However for cloning, I used to get 100% success when I was using willow juice, but that ended when I moved house and....no more willow tree. So now I am forced to use shop bought cloning and rooting products and the success rate is pretty much like everyone else, 9 out of 10.

Anyways, to all those AN fanatics, does anyone know how many winners of the Cannabis Cup used Advanced Nutrients in their grows?


----------



## alex420cali (Feb 3, 2009)

OK everyone stopped talking about VHO. BACK TO THE TOPIC.

I was desperate for fast results and I bought VHO. It was thursday night. On friday I watered my 4 day old plant with VHO at about 10ml per gallon water. I over watered and let the water come out the bottom of the soil pot and partially fill the small plastic saucer. The soil pot was only about the size of a party cup. I over watered because I would be away for the weekend and I didn't want the plant to wilt or dry out. So I went to visit my family 4 hours north. I left on friday morning after the watering. I came back on Sunday morning and rushed to the plant to make sure it wasn't dry. When I opened my small grow box with 150 watt hps bulb........SHOCK AND AWE.....I could not believe my eyes.....OMGOSH..............For a moment I thought this couldn't be possible. VHO had turned my 4 day old seedling into a mini bush in 48 hours at 18 hr light. I was so surprised I called my girlfriend and told her. THIS IS THE MOST AMAZING NUTRIENT EVER. I then went out and bought a lot more AN. Sucess from day one, i then bought b-52 and added to VHO....I was even more amazed at the results. So people, try VHO alone and see yourself. I dont advertise or work for AN, I just want to use what works the best. This is true and I will never stop using VHO. The one week old plant started growing branches!!! In two weeks of using VHO it made my plant a huge bush! time to flower early!!!

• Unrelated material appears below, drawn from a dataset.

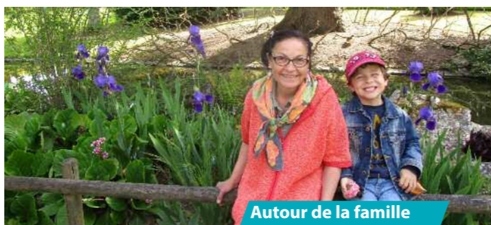
Autour de la famille

These pics are the first two weeks from seedling.


----------



## headbandrocker (Feb 3, 2009)

Dang! hmmmmm do i need it?


----------



## Londoner (Feb 3, 2009)

alex420cali said:


> OK everyone stopped talking about VHO. BACK TO THE TOPIC.
> 
> I was desperate for fast results and I bought VHO. It was thursday night. On friday I watered my 4 day old plant with VHO at about 10ml per gallon water. I over watered and let the water come out the bottom of the soil pot and partially fill the small plastic saucer. The soil pot was only about the size of a party cup. I over watered because I would be away for the weekend and I didn't want the plant to wilt or dry out. So I went to visit my family 4 hours north. I left on friday morning after the watering. I came back on Sunday morning and rushed to the plant to make sure it wasn't dry. When I opened my small grow box with 150 watt hps bulb........SHOCK AND AWE.....I could not believe my eyes.....OMGOSH..............For a moment I thought this couldn't be possible. VHO had turned my 4 day old seedling into a mini bush in 48 hours at 18 hr light. I was so surprised I called my girlfriend and told her. THIS IS THE MOST AMAZING NUTRIENT EVER. I then went out and bought a lot more AN. Sucess from day one, i then bought b-52 and added to VHO....I was even more amazed at the results. So people, try VHO alone and see yourself. I dont advertise or work for AN, I just want to use what works the best. This is true and I will never stop using VHO. The one week old plant started growing branches!!! In two weeks of using VHO it made my plant a huge bush! time to flower early!!!





headbandrocker said:


> Dang! hmmmmm do i need it?



No, you dont lol






Two of my plants at around two weeks old on nothing but straight tap water, just in a good quality multi purpose organic compost.


----------



## alex420cali (Feb 3, 2009)

my two week was a lot bigger than yours regardless. check the forth photo i just added.


----------



## alex420cali (Feb 3, 2009)

Londoner said:


> No, you dont lol
> 
> 
> 
> ...



mine where much bigger at two weeks. this was with a 150 watt HPS solo.

plus what power light did you use? or outdoor?


----------



## Londoner (Feb 3, 2009)

alex420cali said:


> mine where much bigger at two weeks. this was with a 150 watt HPS solo.
> 
> plus what power light did you use? or outdoor?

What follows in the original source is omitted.